Partnership Agreements Ripped Up
[Apr 7, 2010 01:54 PM]
For immediate release:
April 7, 2010
Aboriginal Employment Strategy Shattered: Unions
REGINA—A number of unions are speaking out against what they are calling the Saskatchewan Government’s efforts to set hiring policies back by decades.
The Aboriginal Employment Development Program—the branch of the First Nations and Métis Relations (FNMR) Department which signed Partnership Agreements with unions, employers and aboriginal groups—has been terminated. In a letter to signatories of the partnership agreements, including unions, FNMR Deputy Minister Ron Crowe informed signatories to the agreements that “current Aboriginal Employment Development Partnership Agreements are no longer valid, anticipated agreements will not be entered into, and funding supports are not available.”
The unions are calling the scrapping of in-force partnership agreements regressive and short-sighted.
“These agreements promised a better future for our workforce and for aboriginal people,” said Larry Hubich, president of the Saskatchewan Federation of Labour. “The agreements take a holistic approach to achieving a more representative workforce by bringing employers, aboriginal groups, unions and others to the table to negotiate the best ways to foster participation. If this government wants to go back to a quota hiring system, they do so to the detriment of our provincial workforce as a whole.”
Saskatchewan has the largest gap of employment rates between aboriginal and non-aboriginal adults. In 2007, 88.3 per cent of non-aboriginal adults were employed, compared to only 66.4 per cent of employment-age aboriginal people.
The Partnership Agreements have resulted in thousands of aboriginal people getting appropriate education and training and entering into the workforce. As of March 31, 2009 there were 98 active Partnership Agreements resulting in 4,465 aboriginal people entering the workforce. In addition, 36,676 employees received Aboriginal Awareness Training in addition to 1,996 aboriginal employees who received work-based skills training.
With baby-boomers about to retire and the working-age aboriginal population about to boom, union leaders are concerned that the cancellation of the Partnership Agreements will result in a dramatic labour force shortage in the coming years.
“This program was making major gains toward solving a problem,” said Tom Graham, president of the Canadian Union of Public Employees (CUPE) Saskatchewan, which has signed 12 Partnership Agreements in the health care, municipal and education sectors. “Without investment now into training, education and employment programs, this province is staring into a future more troubled than our past in terms of aboriginal participation and the development of our communities.”
A problem, Graham notes, which is more expensive than the solution. While the Program has cost $780,000 per year, the Saskatchewan Institute of Public Policy calculates the cost of aboriginal unemployment to be $2 billion, annually.

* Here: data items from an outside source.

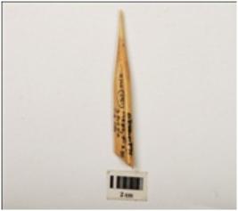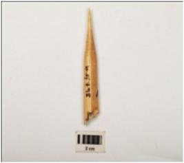 | Description / विवरण | A bone point made on a long bone, smoothly polished upper and lower surface. |
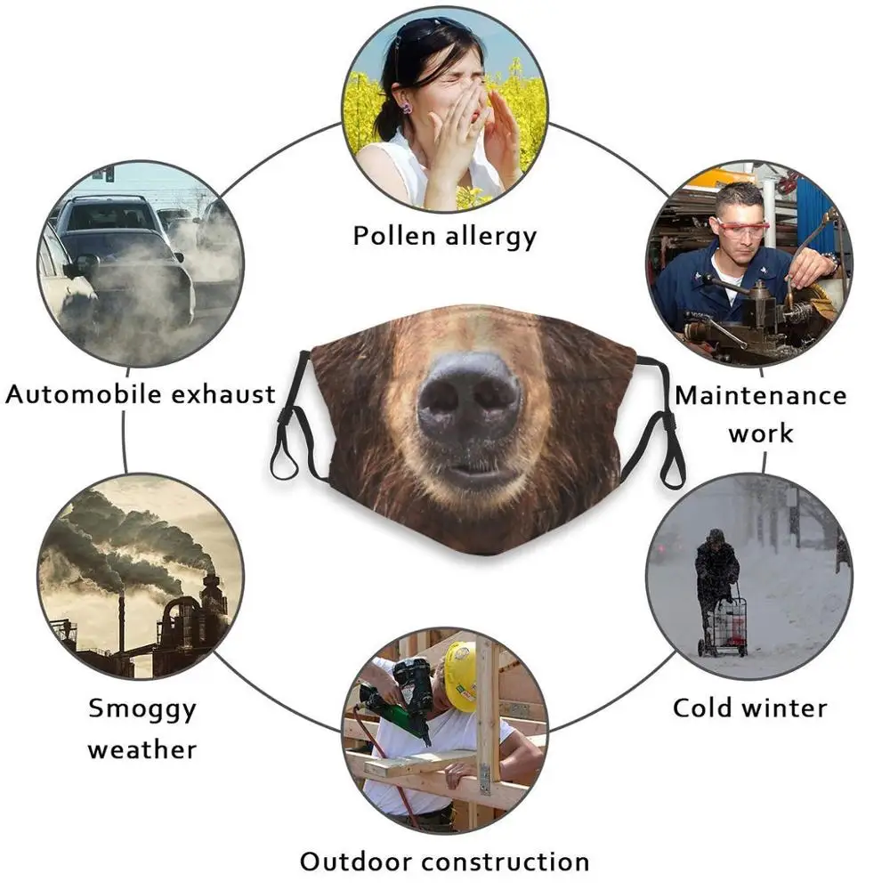 Переносная маска для лица, моющаяся маска для лица с 3d рисунком, Пылезащитная маска для лица, маска для лица с изображением медведя, морского медведя, симпатичного рота, животного, забавного коричневого медведя
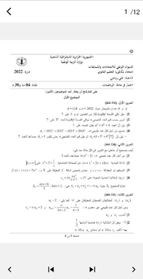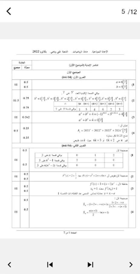The application contains baccalaureate topics with solutions, which is the typical correction and the point scale
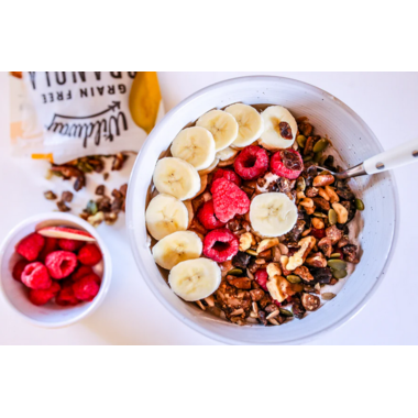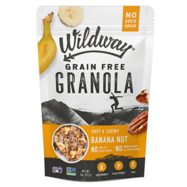Soft and chewy granola that is grain free! This banana nut granola has no oats, grain filler or added sugar.
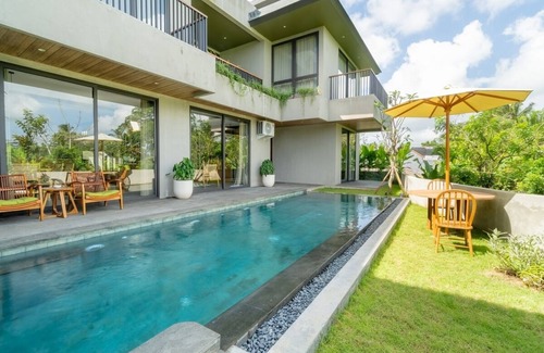 Welcome to a spacious 5-bedroom villa with breathtaking rice field views, thoughtfully designed for families and groups seeking the true serenity of Ubud’s countryside. Wake up to golden sunlight streaming across lush terraces, then spend the day relaxing by your private pool or enjoying time together in the expansive living and dining areas that open seamlessly to the outdoors.
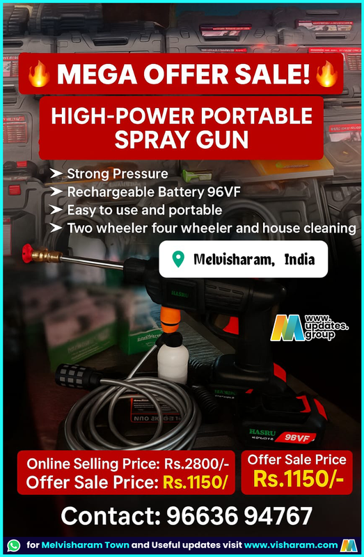MEGA OFFER SALE! HIGH-POWER PORTABLE SPRAY GUN REnDERERCO Strong Pressure Rechargeable Battery 96VF Easy to use and portable > Two wheeler four wheeler and house cleaning Melvisharam, India HASRU Enestinator wwW. updates. group пло ак HASRU KOLOVE 9BVF Online Selling Price: Rs.2800/-Offer Sale Price: Rs.1150/ Offer Sale Price Rs.1150/- Contact: 96636 94767 for Melvisharam Town and Useful updates visit www.visharam.com
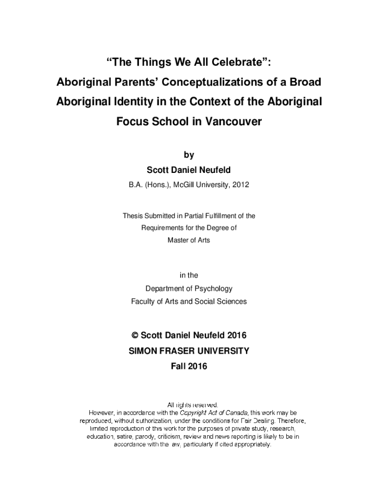 The Things We All Celebrate: Aboriginal Parents Conceptualizations of a Broad Aboriginal Identity in the Context of the Aboriginal Focus School in Vancouver by Scott Daniel Neufeld B.A. (Hons.), McGill
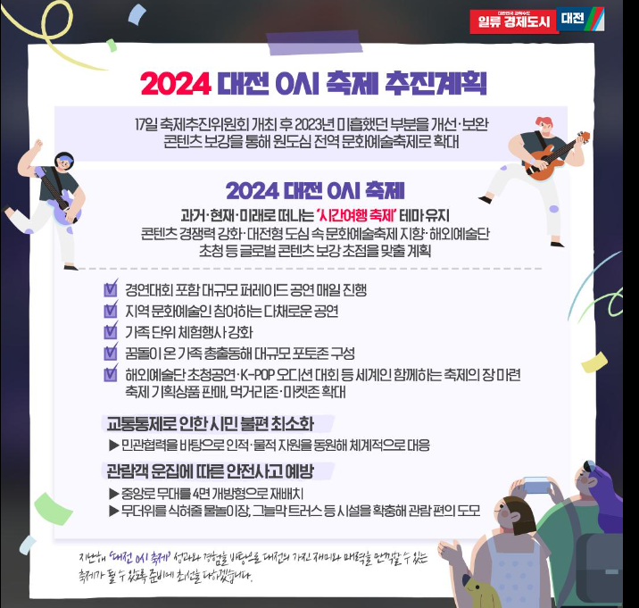 2024년대 전 0시 축제의 추진 계획이 나왔습니다. 미흡했던 2023년 0시 축제를 기본으로 미흡했던 부분을 개선. 보완하면서 콘텐츠를 강화하여 2024년 8월 9일 개막을 시작하여 9일간의 축제가 진행됩니다. 세계적인 축제로 비상하는 대전 0시 축제를 꼭 기대해 주세요.

The Partnership Agreement Program
Partnership Agreements are negotiated between multiple parties, each potentially including employers, aboriginal councils, unions and government. All parties approach the negotiations with an agreement to build an agenda together.

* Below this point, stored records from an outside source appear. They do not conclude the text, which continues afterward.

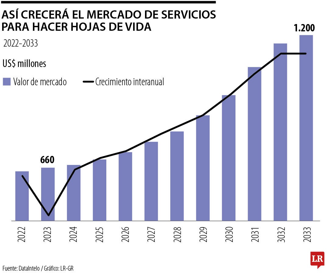 Según un informe de la firma de consultoría e investigación, Dataintelo, el mercado global de servicios profesionales de redacción de hojas de vida alcanzó los US$660 millones en 2023, y se proyecta que llegará a US$1.200 millones en 2032, con un crecimiento anual de 6,1%. La tendencia muestra que cada vez más personas están dispuestas a invertir en una hoja de vida competitiva, en línea con la profesionalización tercerizada del proceso de aplicación laboral.
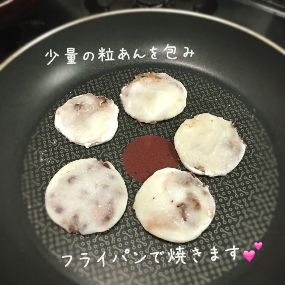 09白生地は1つ15gに丸め 少量の粒あんを包み フライパンで焼き上げます
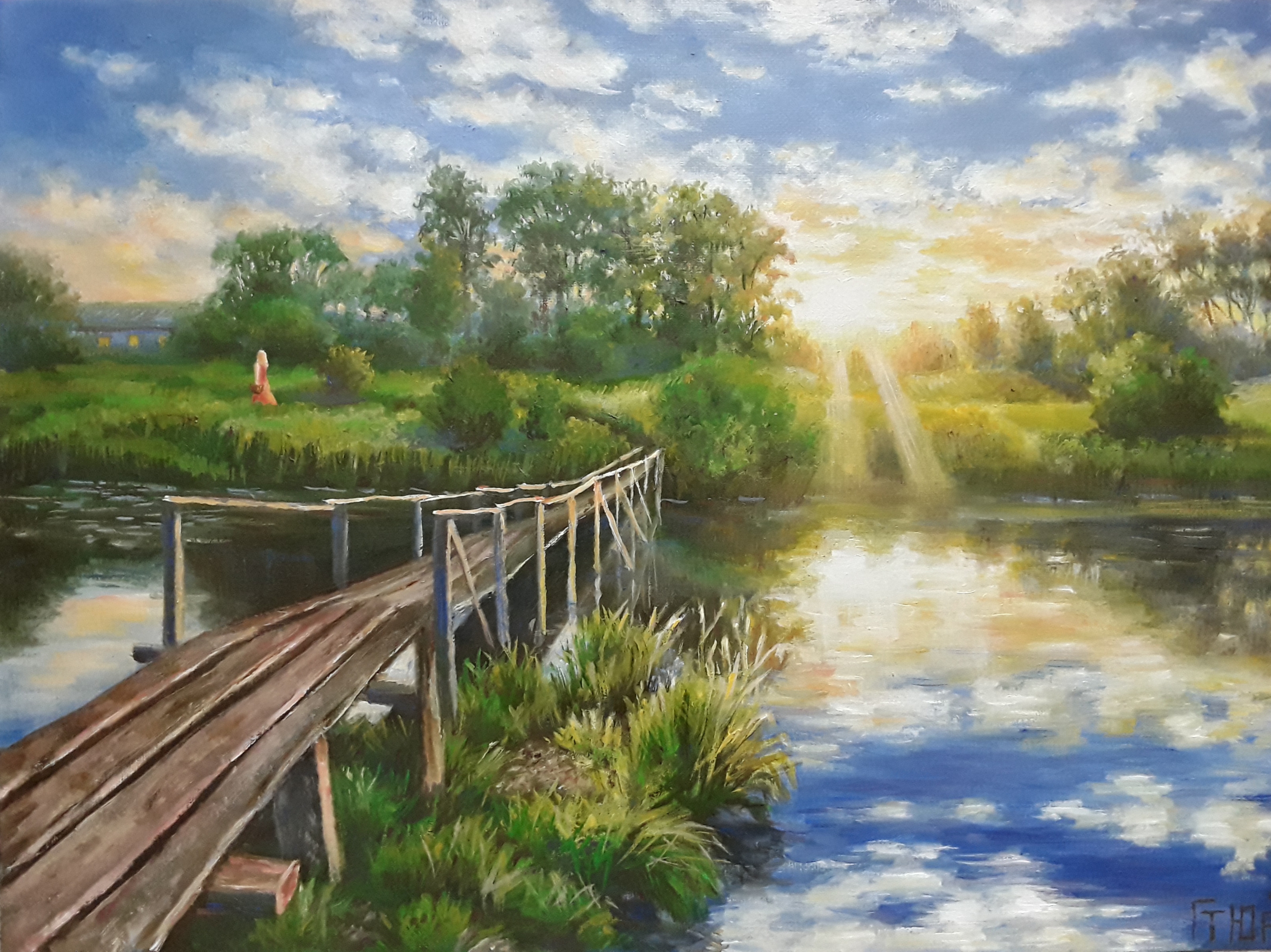 The painting is filled with radiance, silence, and tranquility! The water in the river lies still, like a canvas in a frame. The little bridge connects the banks like a ribbon—the left bank, the right bank. The fading glow of the long day delights with its beauty. The painting feels like a memory from childhood, creating a sense of presence! It is a portal to summer, to a world where there is room for the Beautiful!

The documents outline opportunities and responsibilities for each party which have included ways to prepare potential employees by identifying employment opportunities and training and education requirements; and prepare workplaces by delivering Aboriginal Awareness and Misconception Training.
Partnership Agreements have resulted in contract language being added to collective bargaining agreements.

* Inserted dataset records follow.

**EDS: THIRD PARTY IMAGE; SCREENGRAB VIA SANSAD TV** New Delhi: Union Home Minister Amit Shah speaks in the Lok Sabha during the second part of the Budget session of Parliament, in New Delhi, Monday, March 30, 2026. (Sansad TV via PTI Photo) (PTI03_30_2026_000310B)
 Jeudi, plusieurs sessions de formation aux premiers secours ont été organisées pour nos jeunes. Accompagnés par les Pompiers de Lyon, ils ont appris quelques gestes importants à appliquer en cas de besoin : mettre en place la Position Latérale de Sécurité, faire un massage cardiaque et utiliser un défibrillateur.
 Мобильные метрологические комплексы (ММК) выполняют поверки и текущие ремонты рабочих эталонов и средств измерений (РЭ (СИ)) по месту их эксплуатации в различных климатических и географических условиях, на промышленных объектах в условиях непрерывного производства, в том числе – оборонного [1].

Aboriginal leaders have identified major regressive trends in former hiring policies, such as designated quotas in which aboriginal people are hired through affirmative action. Not only does an unprepared workplace and unprepared employee often result in that employee leaving the employment—but quotas restrict aboriginal employment to only those jobs which employers choose.
In contrast, the Partnership Agreements help set the conditions for aboriginal people to become qualified to bid on any job, and provides a healthy and accepting workplace in which employees can access training to gain additional skills and qualifications. Recruitment and long-term retention flourishes under the Partnership Agreement Program.
Demographics Changing
According to the 2006 census, 55 per cent of the aboriginal population in Saskatchewan was under the age of 25. The median age of aboriginal people in Saskatchewan was only 22 years.
Over the next two decades, 171,500 working baby boomers will retire. With Saskatchewan’s low population growth, the workforce is projected to require an additional 120,000 working people by 2020.
“We don’t want token employment,” said Graham. “What we are asking for is forward-thinking solutions to address shortages and solve rampant unemployment and poverty issues in aboriginal communities.”
Hubich added that problems with multiple causes require multiple solutions. “The holistic approach has been successful in providing equal access to opportunity, and preventing discrimination from getting in the way of employment,” he said. “We haven’t seen another approach that works to achieve a representative workforce—so why scrap this one which has been working so well?”